Xiaohui ließ sich zunächst überreden, bekam aber schließlich Angst. Einen Tag später, als ihm vier Männer beibringen wollten wie man in das Auto springt und ihm beinahe den Arm brachen, sagte er Nein. Zwei Tage später rannte er weg und kehrte nach Hause zurück. Die Gangs locken oft Schüler aus anderen Städten an, nach zwei oder drei Einsätzen schicken sie sie wieder weg, damit der Polizei nichts auffällt.

Merkwürdige Patienten im Krankenhaus

Solche Gangs treiben ihr Unwesen vor allem in Guangzhou und Shenzhen, den beiden wichtigsten Städten der Provinz Guangdong.
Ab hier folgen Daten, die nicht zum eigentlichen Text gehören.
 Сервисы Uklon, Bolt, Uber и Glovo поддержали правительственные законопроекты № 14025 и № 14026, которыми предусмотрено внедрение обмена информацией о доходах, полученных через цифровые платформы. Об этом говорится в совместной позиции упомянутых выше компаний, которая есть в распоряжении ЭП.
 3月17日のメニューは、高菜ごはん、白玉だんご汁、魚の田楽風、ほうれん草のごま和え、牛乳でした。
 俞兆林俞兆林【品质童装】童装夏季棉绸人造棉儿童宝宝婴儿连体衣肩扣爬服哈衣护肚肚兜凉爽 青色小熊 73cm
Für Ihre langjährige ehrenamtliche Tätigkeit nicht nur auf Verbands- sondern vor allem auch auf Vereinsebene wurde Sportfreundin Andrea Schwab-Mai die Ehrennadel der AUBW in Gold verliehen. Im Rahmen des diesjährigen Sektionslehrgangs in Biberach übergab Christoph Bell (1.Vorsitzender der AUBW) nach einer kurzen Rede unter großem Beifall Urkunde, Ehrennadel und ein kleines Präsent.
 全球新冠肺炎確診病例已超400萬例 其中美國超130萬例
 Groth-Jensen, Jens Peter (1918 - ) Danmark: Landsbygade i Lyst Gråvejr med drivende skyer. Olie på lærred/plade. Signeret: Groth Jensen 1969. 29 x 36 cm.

Diese Kriminellen sind der Alptraum jedes Autofahrers, besonders von denjenigen, die aus einer anderen Stadt kommen oder selbst gegen eine Verkehrsregel verstoßen haben.
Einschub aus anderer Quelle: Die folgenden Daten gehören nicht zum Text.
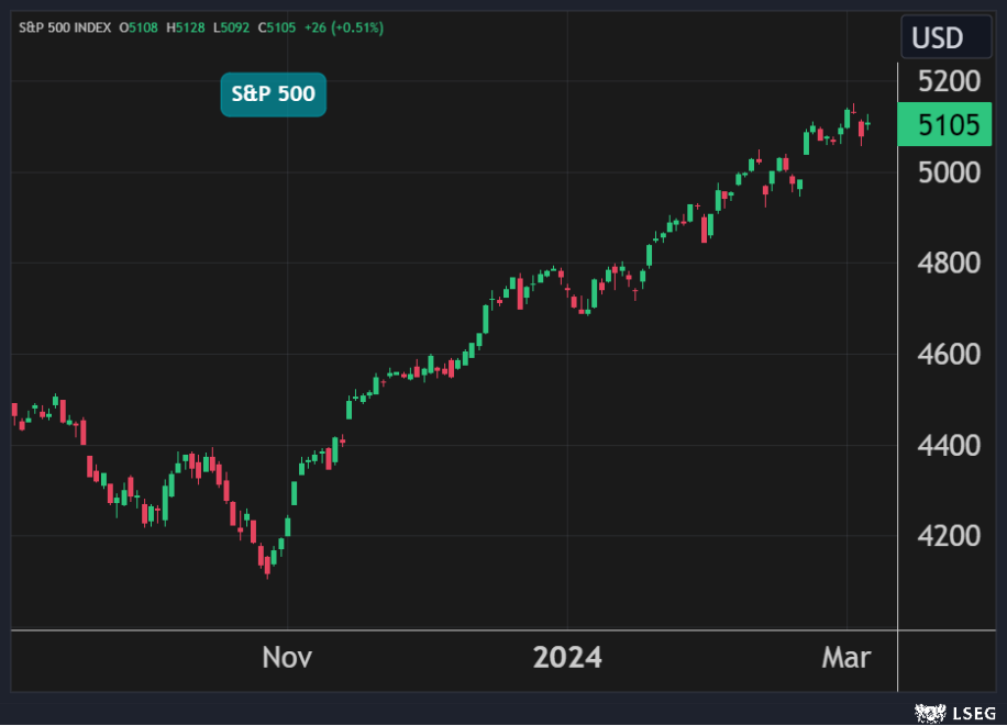 كما ارتفع مؤشر S&P 500 بنسبة 0.5% ليستعيد مستويات 5100 نقطة لتصل مكاسبه إلى 1000 نقطة في آخر 4 أشهر وتحديداَ منذ قاع 27 من أكتوبر الماضي.

In den letzten Monaten nahm die Orthopädische Abteilung der Klinik der Zhongshan-Uni in Guangzhou sieben "Verwundete" mit ähnlichen Symptomen auf: Der Bruch war bei allen auf der Unterseite des linken Vorderarms und so schwach, dass er die Funktionsfähigkeit des Arms kaum störte.

Einer Krankenschwester fiel auf: "Dieser junge Mann war schon vor drei Wochen da, wie kann er schon wieder den gleichen Bruch haben?!" Außerdem schrien diese Patienten immer sofort "Schmerz!", wenn irgendein Teil ihres Arms berührt wurde.
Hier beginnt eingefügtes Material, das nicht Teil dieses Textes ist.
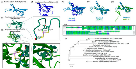 Structural comparison and phylogenetic analyses of different transcriptional repressors of As-responsive operons. (A,B) AlphaFold-predicted 3D structures of B. subtilis (A) ArsR (AF-P45949-F1-v4) and (B) AseR (AF-P96677-F1-v4). (C,D) Experimentally resolved 3D structures of (C) A. ferrooxidans ArsR (PDB: 6J05) and (D) C. glutamicum ArsR (PDB: 6J0E), with enlarged boxes highlighting cysteine residues critical for As(III) binding. (E) Structural overlay between B. subtilis ArsR (light blue) and AseR (dark blue). (F) Structural overlay of B. subtilis ArsR (blue) and A. ferrooxidans ArsR (green). (G) Structural overlay of B. subtilis ArsR (blue) and C. glutamicum ArsR (green). (H) Amino acid sequence alignment of As-responsive operon repressor proteins; identical residues are shaded with the same color. Alignment is colored in a buried index fashion where darker blue/purple tones indicate deeper burial, while lighter green hues reflect greater exposure. PyMOL (v. 2.3.3.) was used for structure visualization and Clustal Omega (v. 1.2.2.) was used for sequence alignment. (I) Evolutionary relationships between various ArsR repressor proteins from Bacillus species and other bacteria. The phylogenetic tree was constructed using MEGA12 (v. 12.0.14) software with the amino acid sequences reported in the Table S1 in Supplementary Material. The tree is constructed to scale. Branch lengths are measured by the number of substitutions per site.
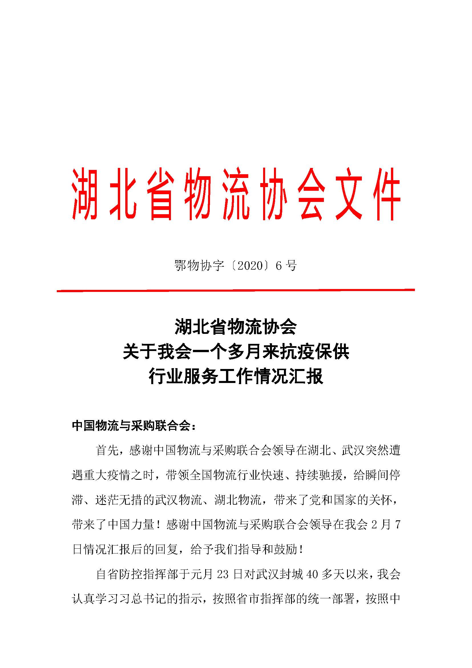 湖北省物流協(xié)會(huì):關(guān)于我會(huì)一個(gè)多月來抗疫保供行業(yè)服務(wù)工作情況匯報(bào)
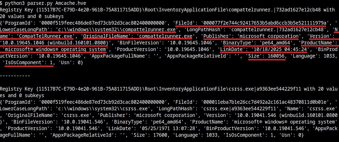 Tệp Amcache.hvel là một tổ hợp Windows Registry ở định dạng REGF, nó chứa nhiều khóa con lưu trữ các lớp dữ liệu riêng biệt. Một trình phân tích cú pháp Python đơn giản có thể được triển khai để lặp lại Amcache.hve và hiển thị các khóa của nó.
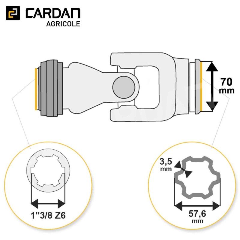 Joint de cardan Comer complet tube multilobes 57,6x3,5 - 1-3/8 Z6 | JME06-COMER Référence JME06-COMER Disponible sous 48/72h Caractéristiques Croisillon : 30,2x80 mmSortie : 1-3/8 Z6 à billesTube : Multilobes extérieur 57,6x3,5 mm Descriptif produit Joint de cardan standard complet de marque Comer, comprenant la machoire tube, le croisillon et la machoire outil ou tracteur. Cet ensemble se mont... En savoir plus Fabricant Réserver du stock × Vous souhaitez vous assurer de la disponibilité d’un produit ? Notre service de réservation de stock est fait pour vous ! Dès réception de votre demande, nous vous envoyons un tarif de réservation accompagné d’un devis à régler en ligne. Une fois le paiement validé, le stock vous est attribué et réservé pour votre commande.Livraison possible sous 24h. Ce service est payant et nécessite un compte pro. Si vous n’avez pas encore de compte, vous devrez en créer un pour finaliser votre demande et régler le devis de réservation. Connexion requise Connectez-vous ou créez un compte pour accéder à la réservation de stock Se connecter / Créer un compte Réserver du stock Télécharger les caractéristiques techniques Partagez ce produit Partagez ce produit 223,05 € TTC / pièce 185,87 € HT Comparer - + Ajouter au panier Sauvegarder ce produit dans ma liste Achat rapide Quantité minimale 1Options de livraison Besoin de conseils ? Rappel gratuit Contactez-nous 01 83 64 42 62 Nom / Prénom * Téléphone * Email * Message * Envoyer * Informations obligatoires Demander un devis Demande de devis × Vous devez être connecté pour demander un devis. Je suis un particulier Je suis un proDéja client ? Se connecter Créer mon compte Créer un compte Étape précédente SIRET Entreprise APE Aucune société pour ce siret L'adresse email de comptabilité est différente de l'adresse email de votre compte client ? Oui Non Email de la comptabilité : Civilité M. Mme Prénom * Nom* Email * Mot de passe * (Cinq caractères minimum) Date de naissance -1 2 3 4 5 6 7 8 9 10 11 12 13 14 15 16 17 18 19 20 21 22 23 24 25 26 27 28 29 30 31 -January February March April May June July August September October November December -2026 2025 2024 2023 2022 2021 2020 2019 2018 2017 2016 2015 2014 2013 2012 2011 2010 2009 2008 2007 2006 2005 2004 2003 2002 2001 2000 1999 1998 1997 1996 1995 1994 1993 1992 1991 1990 1989 1988 1987 1986 1985 1984 1983 1982 1981 1980 1979 1978 1977 1976 1975 1974 1973 1972 1971 1970 1969 1968 1967 1966 1965 1964 1963 1962 1961 1960 1959 1958 1957 1956 1955 1954 1953 1952 1951 1950 1949 1948 1947 1946 1945 1944 1943 1942 1941 1940 1939 1938 1937 1936 1935 1934 1933 1932 1931 1930 1929 1928 1927 1926 1925 1924 1923 1922 1921 1920 1919 1918 1917 1916 1915 1914 1913 1912 1911 1910 1909 1908 1907 1906 1905 1904 1903 1902 1901 1900 Inscrivez-vous à notre newsletter ! Recevez les offres spéciales de nos partenaires ! S'inscrire *Champ obligatoire Vous souhaitez obtenir un devis personnalisé pour ce produit ? Complétez le formulaire ci-dessous et nous vous recontacterons rapidement avec une offre adaptée à vos besoins.Devis gratuit et sans engagement. Quantité souhaitée * Message ou spécifications Envoyer ma demande de devis * Informations obligatoires Description Joint de cardan standard complet de marque Comer, comprenant la machoire tube, le croisillon et la machoire outil ou tracteur. Cet ensemble se monte sur un tube multilobes extérieur qui a une dimension de 57,6x3,5 mm. Son croisillon fait 30,2x80 mm et sa sortie est en 1-3/8 6 cannelures verrouillage à billes dont la bague est en plastique. La gorge qui permet de recevoir la bague du protecteur a quant à elle un diamètre en mm de 70. Fiche technique Sortie1"3/8 Z6Dimension de tube57,6x3,5Croisillon30,2x80Profil de tubeMultilobes extérieurMarqueCOMERRéférence d'origine121.025.656.00Diamètre de gorge70Type de joint de cardanStandardVerrouillageA billes

Die Verwundeten hatte es eilig, die Röntgenuntersuchung ihrer Knochen zu bekommen, und danach schoben sie den "Unfallverursacher" raus und machten mit ihm woanders einen privaten Deal.

Keiner will mit der Polizei zu tun haben

Warum privat? Nach chinesischem traditionellem Denken heißt es: "Versuche erst den Fehler weniger ernst klingen zu lassen und verkleinere ihn dann zu nichts." Von dieser Idee beeinflusst, wird es zum ersten Tipp von Chinesen bei Unfällen: "Lieber Geld verlieren und dadurch Unglück vermeiden." Sprich: Sofort etwas bezahlen, statt sich mit Polizei und Versicherungen herumzuschlagen.

Vor allem unerfahrene Fahrer reagieren sehr nervös, wenn sie das erste Mal in eine solche Situation kommen. Wenn ihnen jemand "großzügig" vorschlägt, sich mit einer "kleineren Entschädigung" zufrieden zu geben, folgen sie dem und fühlen geradezu Dankbarkeit.

Auf der anderen Seite machen das unklare Gesetz bei solchen Scheinunfällen und die schwachen Strafen dafür den Gangs Mut. Zwar schreiben die Zeitungen regelmäßig über sie, aber man hört selten von Verhaftungen. In Shenzhen, der anderen großen Stadt in der Guangdong-Provinz, gilt es als Beleg für Scheinunfälle, wenn ein Mensch fünfmal in solche verwickelt ist.

Aber die betrogenen Fahrer kommen kaum an solche Daten. Wenn sie die Polizei anrufen, fehlt es ihnen an Beweisen für ihre Unschuld. Und da sie oft erst ein paar Tage nach dem Unfall zur Polizei gehen, sind ihre Klagen für die Beamten nur Geschwätz.